If you wish, run the following cell to train your model.

In [None]:
# Train the model
logistic_regression_model = model(train_set_x, train_set_y, test_set_x, test_set_y,
                                   num_iterations=2000, learning_rate=0.005, print_cost=True)

**Expected Output (approximate values, will vary due to random data):**
```
Cost after iteration 0: 0.693147...
Cost after iteration 100: 0.584508...
...
train accuracy: 65-75 %
test accuracy: 50-60 %
```

Note: The accuracies shown are for synthetic random data. With real cat/non-cat images, you would expect much better performance!

Let's also plot the learning curve (cost vs. number of iterations):

In [None]:
# Plot learning curve (with costs)
costs = np.squeeze(logistic_regression_model['costs'])
plt.plot(costs)
plt.ylabel('cost')
plt.xlabel('iterations (per hundreds)')
plt.title("Learning rate =" + str(logistic_regression_model["learning_rate"]))
plt.show()

<a name='7'></a>
## 7 - Analysis

**Interpretation**: You can see that the cost decreases over iterations, showing that the parameters are being learned. With real image data (rather than random synthetic data), you would see much better accuracy results.

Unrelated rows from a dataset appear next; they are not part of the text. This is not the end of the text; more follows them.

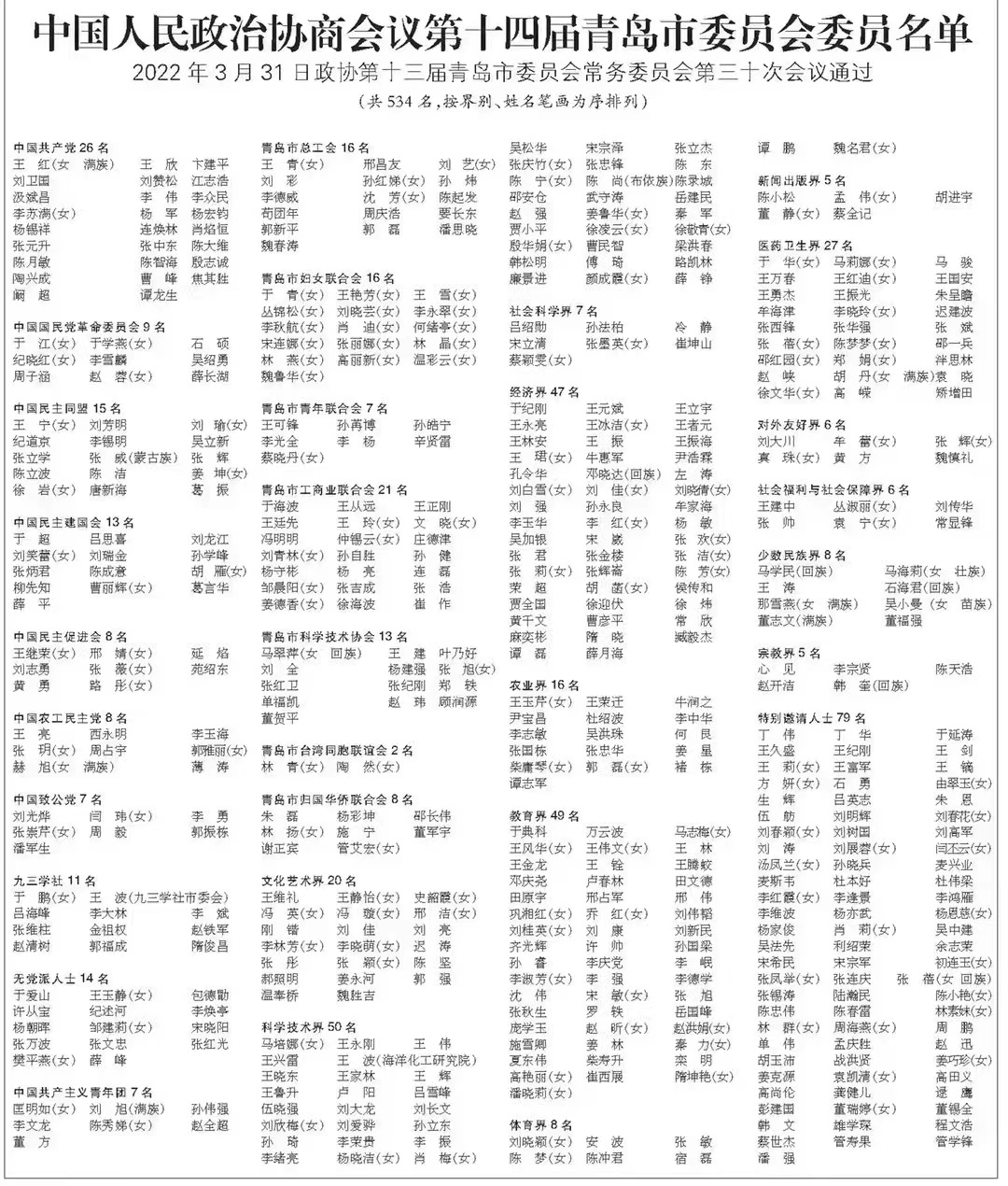 中国人民政治协商会议第十四届青岛市委员会委员名单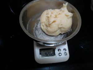 做好的冰皮,有420g重,50g一个月饼,每份皮15~17g,可以做25个月饼。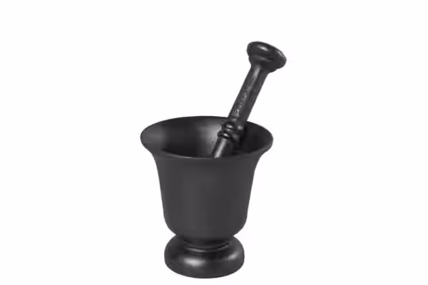 Gusseisen Mörser und Stößel von Skeppshult aus naturbelassenem Gusseisen. Das Gusseisen ist durch seine raue Oberfläche, Gewicht und die Materialeigenschaften ideal für Küchen Mörser.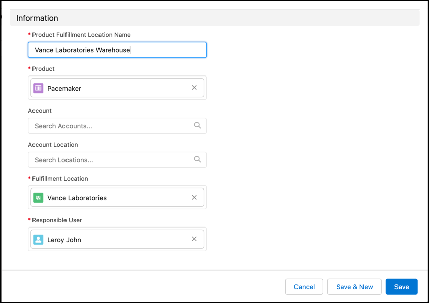 The Product Fulfillment Location object associates sales reps with the inventories they own and the accounts they are responsible for. Soumodip creates a product fulfillment location to associate Leroy with the inventory of pacemakers at Vance Laboratories.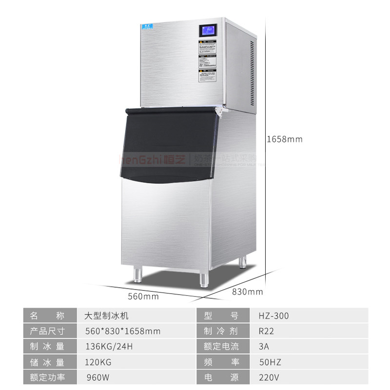 Hengzhi HZ-300p ice machine intelligent version of commercial large-scale milk tea shop automatic large-capacity square ice machine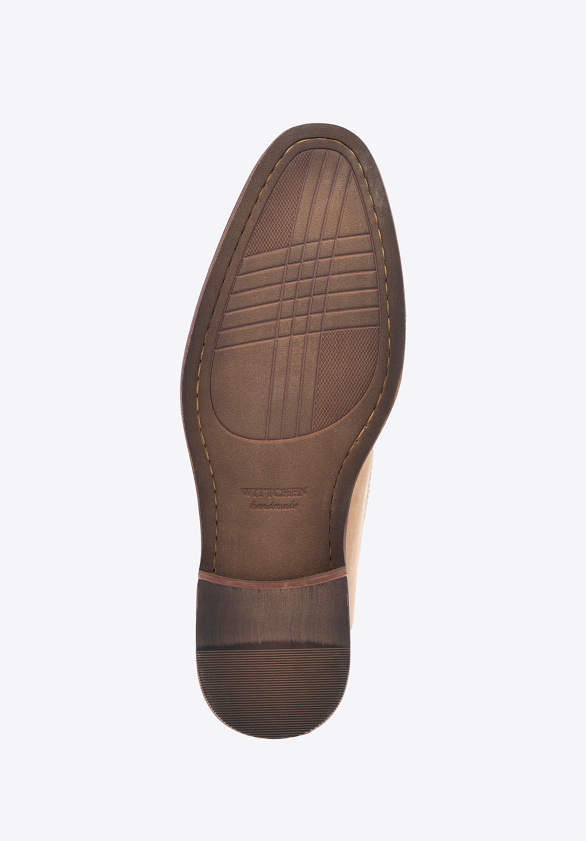 Ці стильні напівчоботи є втіленням елегантності та комфорту. Виготовлені із замшевої шкіри найвищої якості, вони вражають своєю м’якістю, довговічністю та перфорацією, яка додає унікальний штрих. Класичний мигдалеподібний носок і вишукані деталі роблять це взуття неодмінною частиною гардеробу чоловіків, які цінують позачасовий стиль.
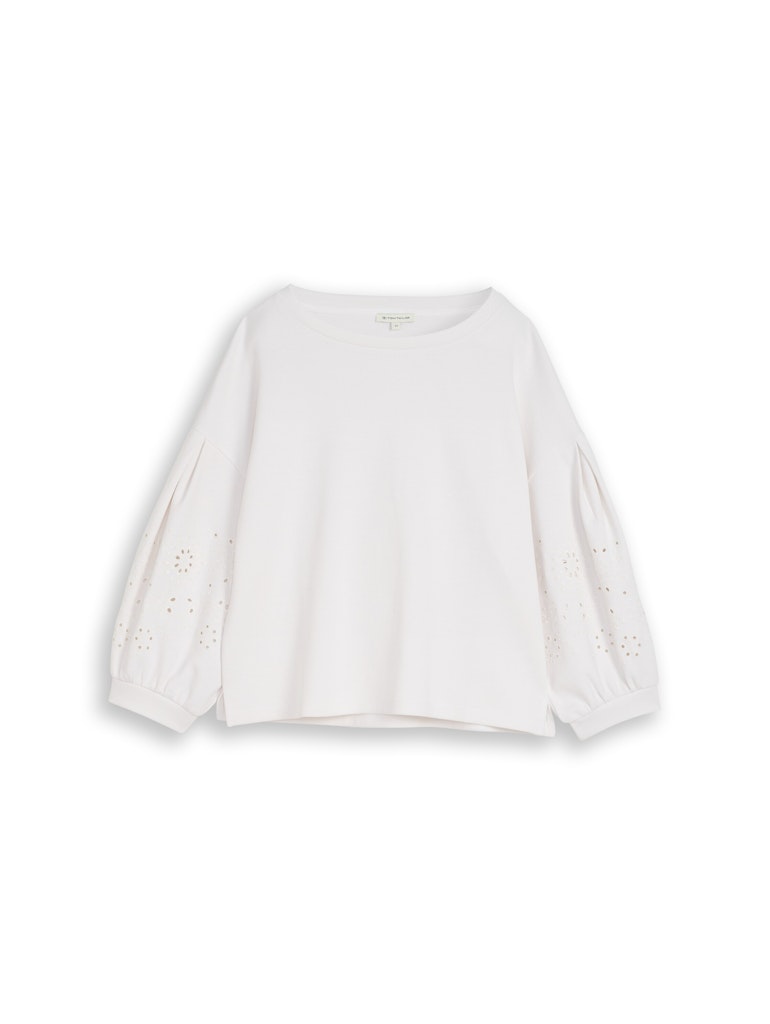 Boxy sweater van Tom Tailor met een ronde hals, zijsplitten, lange mouwen voorzien van opengewerkte borduursels en verlaagde schoudernaden voorzien van plooien.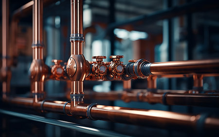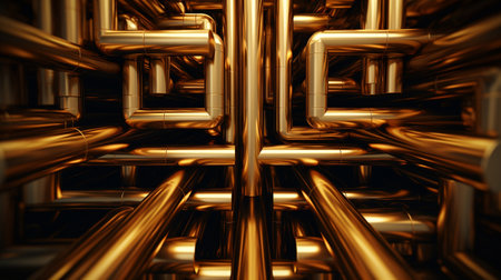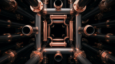 Industrial hallway with symmetrical copper pipelines and reflections. Generative AI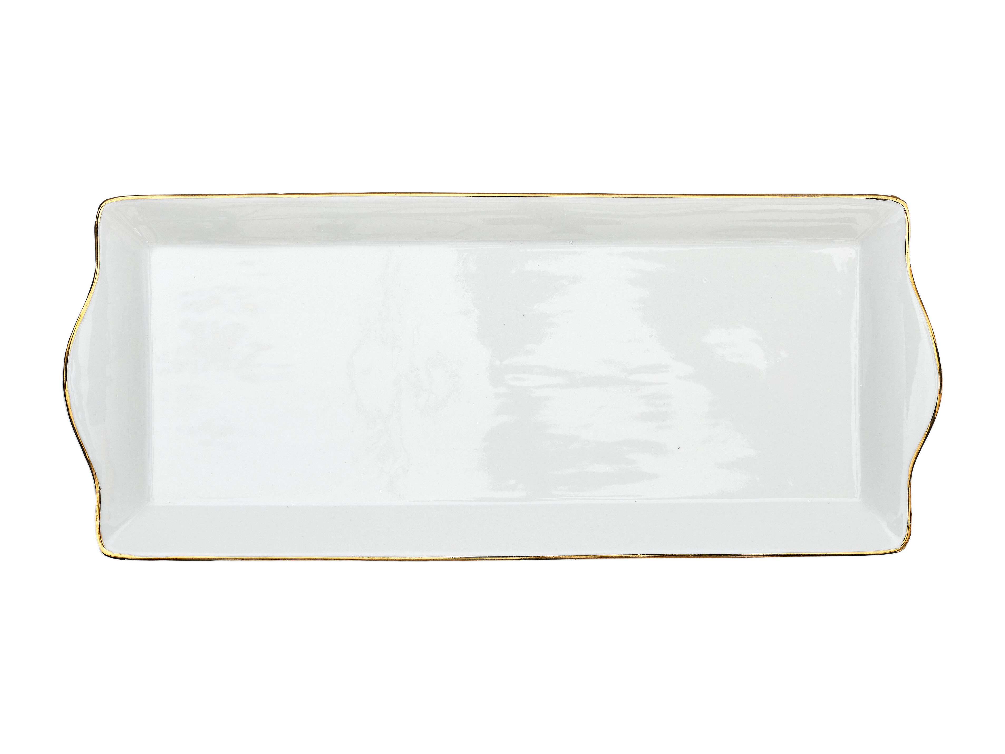 Plat De Service Porcelaine Lisere Dore 34x14cm2 Blanc, Or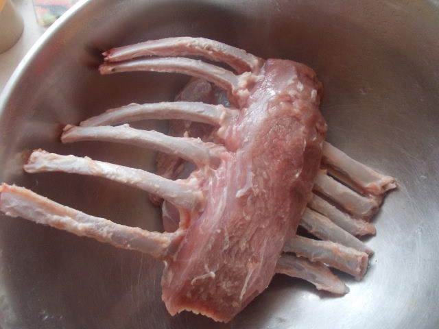 • Мясо хорошо помыть, зачистить ребрышки и насухо вытереть.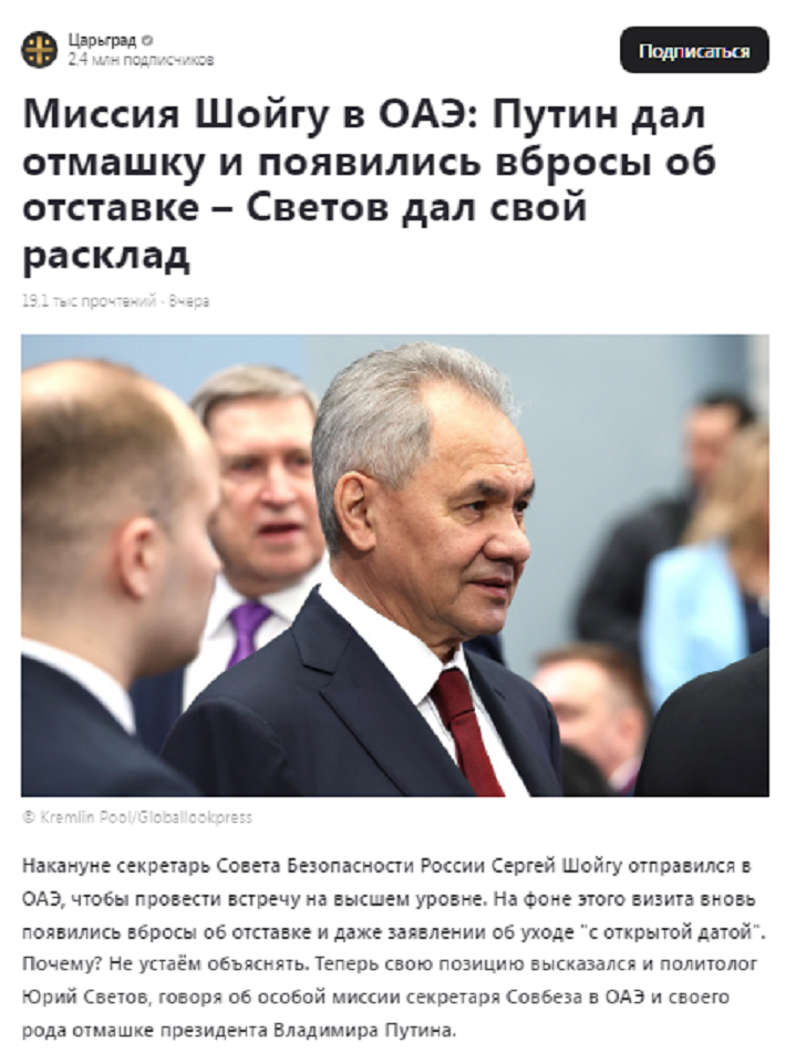 Миссия Шойгу в ОАЭ: Путин дал отмашку и появились вбросы об отставке – Светов дал свой расклад. Фото: Царьград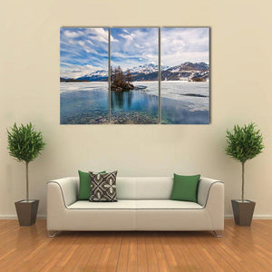 Engadine Valley, Switzerland depicts a serene winter lake scene with snow-capped mountains and a small island dotted with sparse trees. Rendered in a realistic style with a cool blue, white, green and grey palette, this canvas suits modern living rooms or nature-inspired spaces that call for a calm focal piece.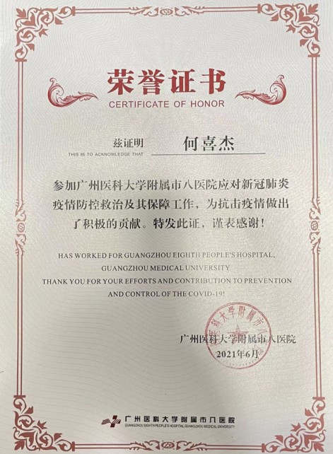 何喜杰作为一名正式党员,勇于担当,2020年及2021年期间两次支援赌博平台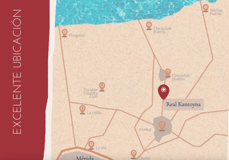 Ubicado a 5 minutos de conkal, a 13 minutos de Merida, a 15 minutos de principales centros comerciales y a solo 19 minutos de la Costa Yucateca.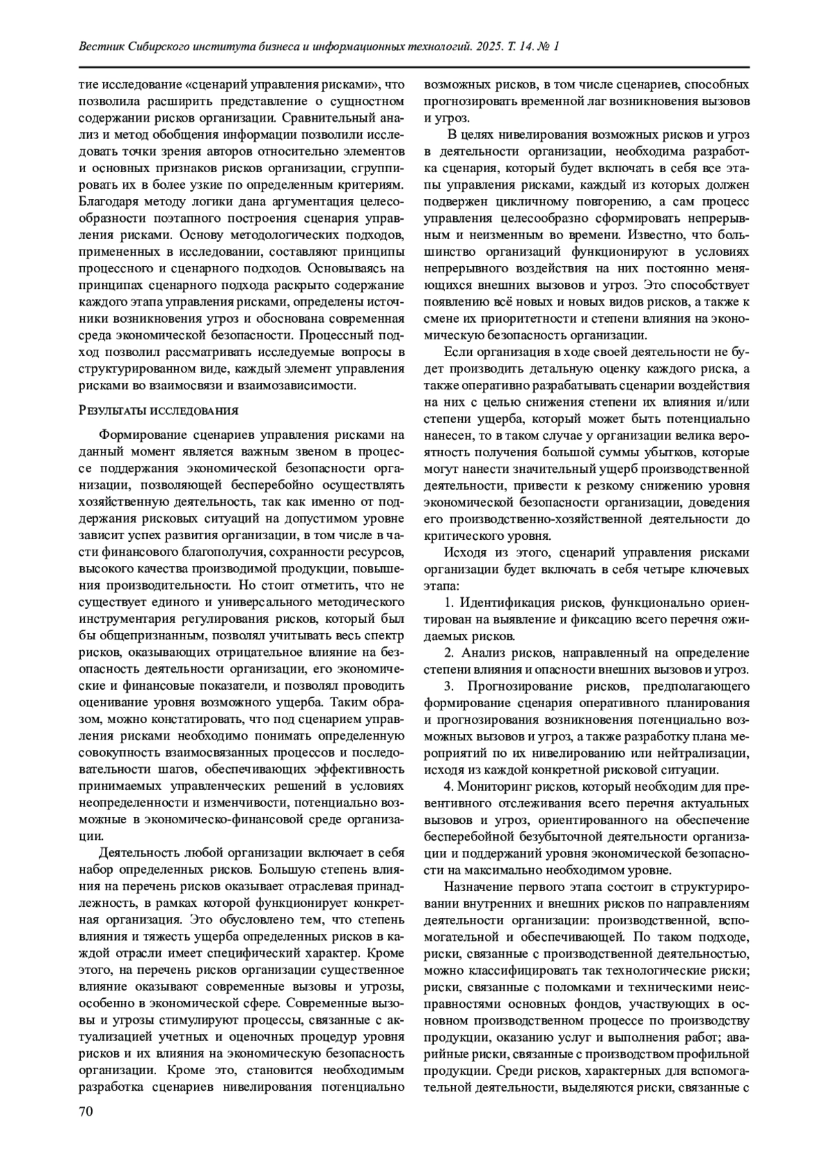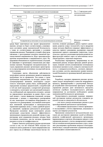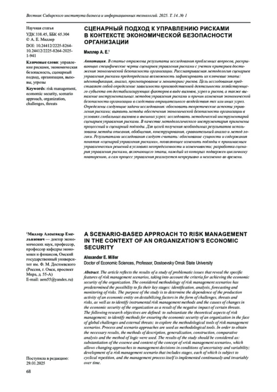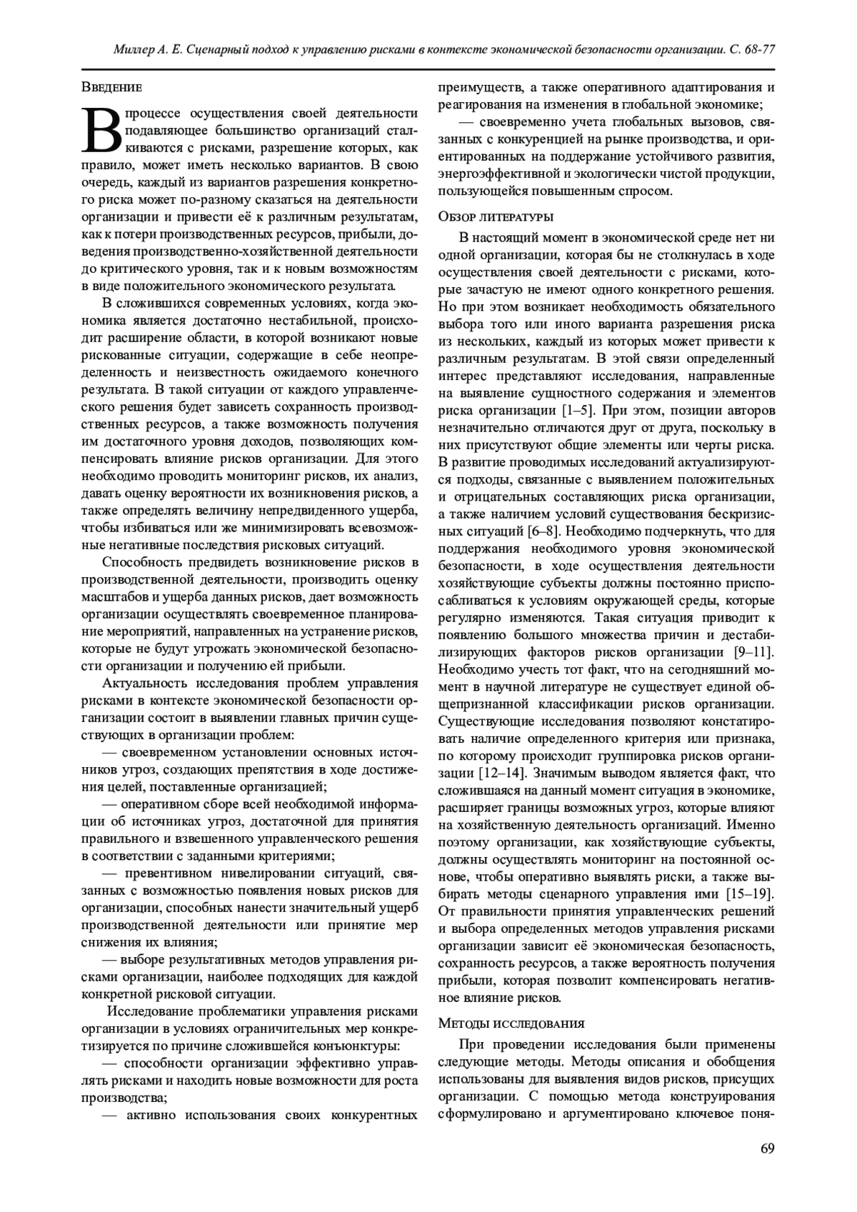В статье отражены результаты исследования проблемных вопросов, раскрывающих специфические черты сценариев управления рисками с учетом критериев достижения экономической безопасности организации. Рассматриваемая методология сценариев управления рисками предопределила возможность зафиксировать их ключевые этапы: идентификация, анализ, прогнозирование и мониторинг рисков. Цель исследования представляет собой определение зависимости производственной деятельности хозяйствующего субъекта от дестабилизирующих факторов в виде вызовов, угроз и рисков, а также выявление инструментальных методов управления рисками и причин изменения экономической безопасности организации в следствии отрицательного воздействия тех или иных угроз. Определены следующие задачи исследования: обосновать теоретические аспекты управления рисками; выявить методы обеспечения экономической безопасности организации в условиях глобальных вызовов и внешних угроз; исследовать методический инструментарий сценариев управления рисками. В качестве методологического инструментария применены процессный и сценарный подходы. Для целей получения необходимых результатов использованы методы описания, обобщения, конструирования, сравнительный анализ и метод логики. Результатами исследования следует считать: обоснование сущности и содержания понятия «сценарий управления рисками», позволяющее изменить подходы к принимаемым управленческим решений в условиях неопределенности и изменчивости; разработка сценария управления рисками, включающего этапы, каждый из которых подвержен цикличному повторению, а сам процесс управления реализуется непрерывно и неизменно во времени.

**Choice of learning rate**:

In order for Gradient Descent to work you must choose the learning rate wisely. The learning rate $\alpha$ determines how rapidly we update the parameters. If the learning rate is too large we may "overshoot" the optimal value. Similarly, if it is too small we will need too many iterations to converge to the best values.

**Things to try**:
- Different learning rates: Try learning_rate = 0.01, 0.001, 0.0001
- More iterations: Try num_iterations = 5000, 10000
- Real image data: Replace the synthetic data with actual cat/non-cat images

In [None]:
# Experiment with different learning rates
learning_rates = [0.01, 0.001, 0.0001]
models = {}

for lr in learning_rates:
    print("\nTraining a model with learning rate: " + str(lr))
    models[str(lr)] = model(train_set_x, train_set_y, test_set_x, test_set_y,
                            num_iterations=1500, learning_rate=lr, print_cost=False)
    print('train accuracy: {} %'.format(100 - np.mean(np.abs(models[str(lr)]["Y_prediction_train"] - train_set_y)) * 100))
    print('test accuracy: {} %'.format(100 - np.mean(np.abs(models[str(lr)]["Y_prediction_test"] - test_set_y)) * 100))

In [None]:
# Compare learning curves for different learning rates
for lr in learning_rates:
    plt.plot(np.squeeze(models[str(lr)]["costs"]), label=str(models[str(lr)]["learning_rate"]))

plt.ylabel('cost')
plt.xlabel('iterations (hundreds)')

legend = plt.legend(loc='upper right', shadow=True)
frame = legend.get_frame()
frame.set_facecolor('0.90')
plt.show()

<font color='blue'>
    
**What to remember from this assignment:**
1. Preprocessing the dataset is important.
2. You implemented each function separately: initialize(), propagate(), optimize(). Then you built a model().
3. Tuning the learning rate (which is an example of a "hyperparameter") can make a big difference to the algorithm.
4. This exercise introduced you to the general methodology of building a neural network model:
    - Define the model structure (such as number of input features)
    - Initialize the model's parameters
    - Loop:
        - Calculate current loss (forward propagation)
        - Calculate current gradient (backward propagation)
        - Update parameters (gradient descent)

**Congratulations!** You have successfully built your first machine learning model using logistic regression. In the next assignments, you will build deeper neural networks with hidden layers.